On 03/04/2014 06:56 AM, Oleg Nesterov wrote:
> On 03/03, Khalid Aziz wrote:
>> kernel/sched/preempt_delay.c | 39 ++++++
>
> Why? This can go into proc/ as well.
>
Sure. No strong reason to keep these functions in separate file. These
functions can go into proc/fs/base.c.
>> +static void
>> +close_preempt_delay_vmops(struct vm_area_struct *vma)
>> +{
>> + struct preemp_delay_mmap_state *state;
>> +
>> + state = (struct preemp_delay_mmap_state *) vma->vm_private_data;
>> + BUG_ON(!state || !state->task);
>> +
>> + state->page->mapping = NULL;
>> + /* point delay request flag pointer back to old flag in task_struct */
>> + state->task->sched_preempt_delay.delay_req =
>> + &state->task->sched_preempt_delay.delay_flag;
>> + state->task->sched_preempt_delay.mmap_state = NULL;
>> + vfree(state->kaddr);
>> + kfree(state);
>> + vma->vm_private_data = NULL;
>> +}
>
> Suppose that state->task != current. Then this can race with do_exit()
> which cleanups ->mmap_state too. OTOH do_exit() unmaps this region, it
> is not clear why it can't rely in vm_ops->close().
>
> Hmm. In fact I think do_exit() should crash after munmap? ->mmap_state
> should be NULL ?? Perhaps I misread this patch completely...
do_exit() unmaps mmap_state->uaddr, and frees up mmap_state->kaddr and
mmap_state. mmap_state should not be NULL after unmap. vfree() and
kfree() are tolerant of pointers that have already been freed. On the
other hand mmap_state can be NULL in do_exit() if do_exit() and
close_preempt_delay_vmops() were to race since
close_preempt_delay_vmops() sets mmap_state to NULL just before it frees
it up. Could they indeed race, because the thread happens to be killed
just as it had called munmap()? I can protect against that with a
refcount in mmap_state.
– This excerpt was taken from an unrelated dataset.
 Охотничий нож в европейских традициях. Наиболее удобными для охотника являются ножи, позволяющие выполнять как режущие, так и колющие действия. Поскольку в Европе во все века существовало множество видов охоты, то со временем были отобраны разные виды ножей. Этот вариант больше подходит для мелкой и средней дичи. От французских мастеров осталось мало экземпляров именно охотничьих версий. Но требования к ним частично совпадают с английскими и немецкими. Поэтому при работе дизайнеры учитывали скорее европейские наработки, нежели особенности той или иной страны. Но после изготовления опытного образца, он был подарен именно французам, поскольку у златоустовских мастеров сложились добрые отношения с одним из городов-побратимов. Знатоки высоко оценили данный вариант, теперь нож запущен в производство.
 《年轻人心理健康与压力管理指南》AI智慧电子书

Do you feel this is necessary/helpful to do?
>
>> +static int
>> +tid_preempt_delay_mmap(struct file *file, struct vm_area_struct *vma)
>> +{
>> + int retval = 0;
>> + void *kaddr = NULL;
>> + struct preemp_delay_mmap_state *state = NULL;
>> + struct inode *inode = file_inode(file);
>> + struct task_struct *task;
>> + struct page *page;
>> +
>> + /*
>> + * Validate args:
>> + * - Only offset 0 support for now
>> + * - size should be PAGE_SIZE
>> + */
>> + if (vma->vm_pgoff != 0 || (vma->vm_end - vma->vm_start) != PAGE_SIZE) {
>> + retval = -EINVAL;
>> + goto error;
>> + }
>> +
>> + /*
>> + * Only one mmap allowed at a time
>> + */
>> + if (current->sched_preempt_delay.mmap_state != NULL) {
>> + retval = -EEXIST;
>> + goto error;
>
> This assumes that we are going to setup current->sched_preempt_delay.mmap_state,
> but what if the task opens /proc/random_tid/sched_preempt_delay ?
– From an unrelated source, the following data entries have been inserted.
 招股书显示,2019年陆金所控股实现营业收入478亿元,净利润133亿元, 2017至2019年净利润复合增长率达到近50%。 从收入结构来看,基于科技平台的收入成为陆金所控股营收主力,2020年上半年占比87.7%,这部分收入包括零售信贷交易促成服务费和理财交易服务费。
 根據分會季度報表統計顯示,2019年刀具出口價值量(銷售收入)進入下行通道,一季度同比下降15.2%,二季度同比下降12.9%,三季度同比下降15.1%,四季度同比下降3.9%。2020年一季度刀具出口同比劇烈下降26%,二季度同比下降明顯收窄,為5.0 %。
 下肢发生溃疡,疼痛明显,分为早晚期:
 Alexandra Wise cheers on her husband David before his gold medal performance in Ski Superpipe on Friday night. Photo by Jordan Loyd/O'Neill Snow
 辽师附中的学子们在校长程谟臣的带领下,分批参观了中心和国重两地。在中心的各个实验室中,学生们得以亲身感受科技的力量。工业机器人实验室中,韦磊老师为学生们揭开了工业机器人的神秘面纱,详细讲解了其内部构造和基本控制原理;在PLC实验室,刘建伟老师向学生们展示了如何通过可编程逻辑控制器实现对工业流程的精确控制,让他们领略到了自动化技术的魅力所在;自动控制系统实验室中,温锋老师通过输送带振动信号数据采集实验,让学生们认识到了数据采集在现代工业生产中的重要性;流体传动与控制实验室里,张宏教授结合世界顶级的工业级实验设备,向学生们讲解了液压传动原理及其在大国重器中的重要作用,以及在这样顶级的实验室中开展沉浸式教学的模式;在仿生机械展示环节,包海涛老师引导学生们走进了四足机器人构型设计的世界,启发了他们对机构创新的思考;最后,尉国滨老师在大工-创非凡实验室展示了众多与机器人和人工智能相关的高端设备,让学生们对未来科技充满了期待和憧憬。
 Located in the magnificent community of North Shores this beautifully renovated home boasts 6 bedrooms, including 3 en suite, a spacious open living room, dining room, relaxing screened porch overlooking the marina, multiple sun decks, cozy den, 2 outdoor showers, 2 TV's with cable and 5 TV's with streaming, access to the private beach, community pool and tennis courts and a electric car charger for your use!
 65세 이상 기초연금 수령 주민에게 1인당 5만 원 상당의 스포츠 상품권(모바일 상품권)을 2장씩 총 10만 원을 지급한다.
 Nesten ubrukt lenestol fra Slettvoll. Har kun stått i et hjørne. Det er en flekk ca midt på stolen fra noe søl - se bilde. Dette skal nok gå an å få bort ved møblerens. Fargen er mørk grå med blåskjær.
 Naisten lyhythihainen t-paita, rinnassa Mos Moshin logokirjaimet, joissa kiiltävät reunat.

Good point. A thread should not be allowed to request preemption delay
for another thread. I would recommend leaving this code alone and adding
following code before this:
if (get_proc_task(inode) != current) {
retval = -EPERM;
goto error;
}
Sounds reasonable?
>
>> + state = kzalloc(sizeof(struct preemp_delay_mmap_state), GFP_KERNEL);
>> + kaddr = vmalloc_user(PAGE_SIZE);
>
> Why vmalloc() ? We only need a single page?
>
Makes sense. I will switch to get_zeroed_page().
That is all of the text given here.